Problem to solve: Could you restate word for word only the lines below from the one holding "A red cardinal" to the one holding "Crafted in 18ct", inclusive, and leave out the pictures?

Data extract:

-------

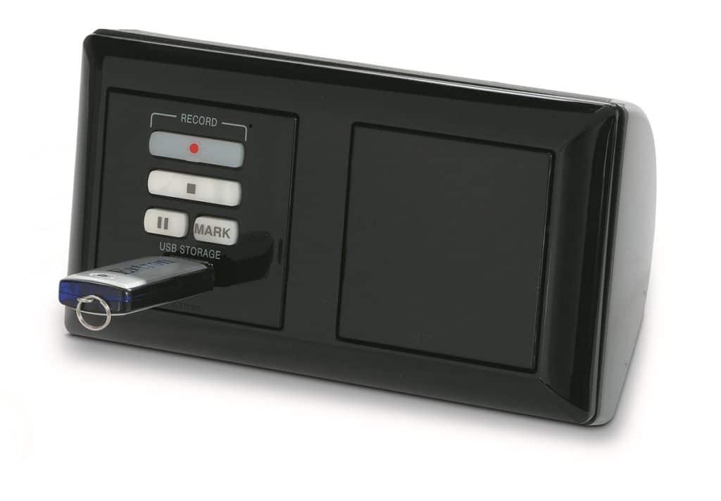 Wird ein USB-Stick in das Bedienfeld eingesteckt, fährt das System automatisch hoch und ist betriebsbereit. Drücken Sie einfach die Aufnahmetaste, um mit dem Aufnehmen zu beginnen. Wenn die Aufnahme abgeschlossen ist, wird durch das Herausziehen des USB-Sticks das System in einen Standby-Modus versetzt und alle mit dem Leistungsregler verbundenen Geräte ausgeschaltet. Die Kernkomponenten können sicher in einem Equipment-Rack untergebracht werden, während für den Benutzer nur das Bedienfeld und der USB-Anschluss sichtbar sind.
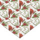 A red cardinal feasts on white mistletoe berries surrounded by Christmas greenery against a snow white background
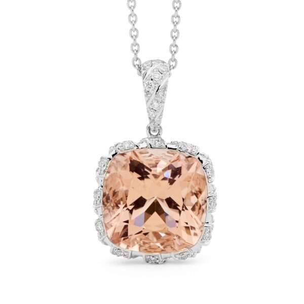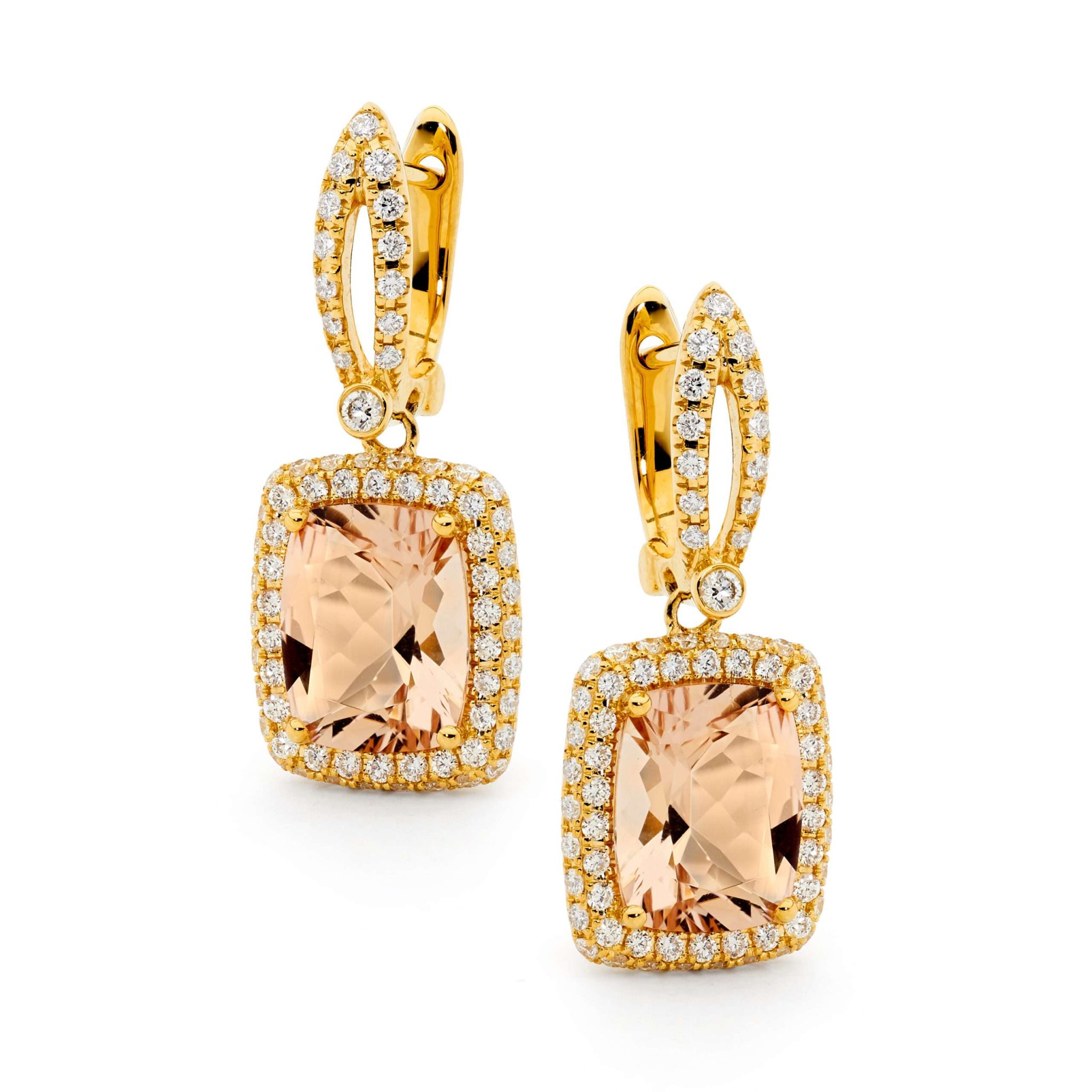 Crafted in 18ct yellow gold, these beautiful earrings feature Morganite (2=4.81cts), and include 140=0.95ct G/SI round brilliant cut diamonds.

-------

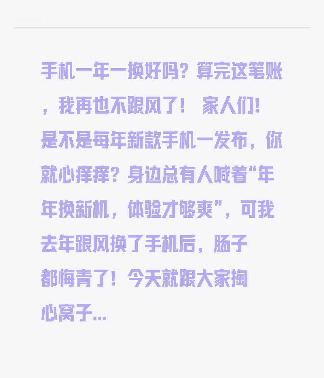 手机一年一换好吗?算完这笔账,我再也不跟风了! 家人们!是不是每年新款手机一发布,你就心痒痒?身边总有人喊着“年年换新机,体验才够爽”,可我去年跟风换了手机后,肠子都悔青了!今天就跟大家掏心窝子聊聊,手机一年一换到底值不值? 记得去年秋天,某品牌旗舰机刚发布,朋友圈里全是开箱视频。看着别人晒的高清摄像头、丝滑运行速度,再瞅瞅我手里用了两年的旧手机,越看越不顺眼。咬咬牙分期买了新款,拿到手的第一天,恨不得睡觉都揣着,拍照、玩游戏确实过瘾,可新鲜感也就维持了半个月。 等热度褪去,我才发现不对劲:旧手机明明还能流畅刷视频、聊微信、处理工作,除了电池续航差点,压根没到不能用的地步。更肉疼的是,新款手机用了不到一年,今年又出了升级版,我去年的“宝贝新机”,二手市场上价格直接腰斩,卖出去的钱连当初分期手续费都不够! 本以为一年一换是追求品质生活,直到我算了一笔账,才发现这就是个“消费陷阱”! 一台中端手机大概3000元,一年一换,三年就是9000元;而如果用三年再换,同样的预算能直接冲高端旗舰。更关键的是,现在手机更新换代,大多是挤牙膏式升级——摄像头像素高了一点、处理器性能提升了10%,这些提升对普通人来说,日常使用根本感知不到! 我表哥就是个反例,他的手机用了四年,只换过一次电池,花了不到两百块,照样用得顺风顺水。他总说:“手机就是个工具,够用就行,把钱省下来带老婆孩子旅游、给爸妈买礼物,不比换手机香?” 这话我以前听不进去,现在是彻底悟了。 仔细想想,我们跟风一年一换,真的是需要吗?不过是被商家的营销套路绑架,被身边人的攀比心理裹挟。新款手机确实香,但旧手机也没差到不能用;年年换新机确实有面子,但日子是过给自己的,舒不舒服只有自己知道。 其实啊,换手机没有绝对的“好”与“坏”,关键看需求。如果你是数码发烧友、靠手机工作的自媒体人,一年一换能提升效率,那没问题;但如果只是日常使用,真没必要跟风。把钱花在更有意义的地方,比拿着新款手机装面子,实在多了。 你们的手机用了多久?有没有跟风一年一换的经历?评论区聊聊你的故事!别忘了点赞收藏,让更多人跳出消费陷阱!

-------

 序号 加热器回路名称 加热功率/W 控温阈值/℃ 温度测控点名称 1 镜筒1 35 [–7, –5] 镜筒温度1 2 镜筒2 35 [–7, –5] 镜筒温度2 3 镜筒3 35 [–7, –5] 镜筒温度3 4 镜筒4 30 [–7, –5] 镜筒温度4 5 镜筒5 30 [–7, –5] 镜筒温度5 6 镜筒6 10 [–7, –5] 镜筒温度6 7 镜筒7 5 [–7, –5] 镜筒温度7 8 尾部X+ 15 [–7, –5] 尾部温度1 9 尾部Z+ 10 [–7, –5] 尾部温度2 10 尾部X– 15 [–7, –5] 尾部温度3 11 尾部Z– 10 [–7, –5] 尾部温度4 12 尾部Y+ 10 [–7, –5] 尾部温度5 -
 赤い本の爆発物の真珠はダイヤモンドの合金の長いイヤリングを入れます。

-------

Answer section:
 A red cardinal feasts on white mistletoe berries surrounded by Christmas greenery against a snow white background
 Crafted in 18ct yellow gold, these beautiful earrings feature Morganite (2=4.81cts), and include 140=0.95ct G/SI round brilliant cut diamonds.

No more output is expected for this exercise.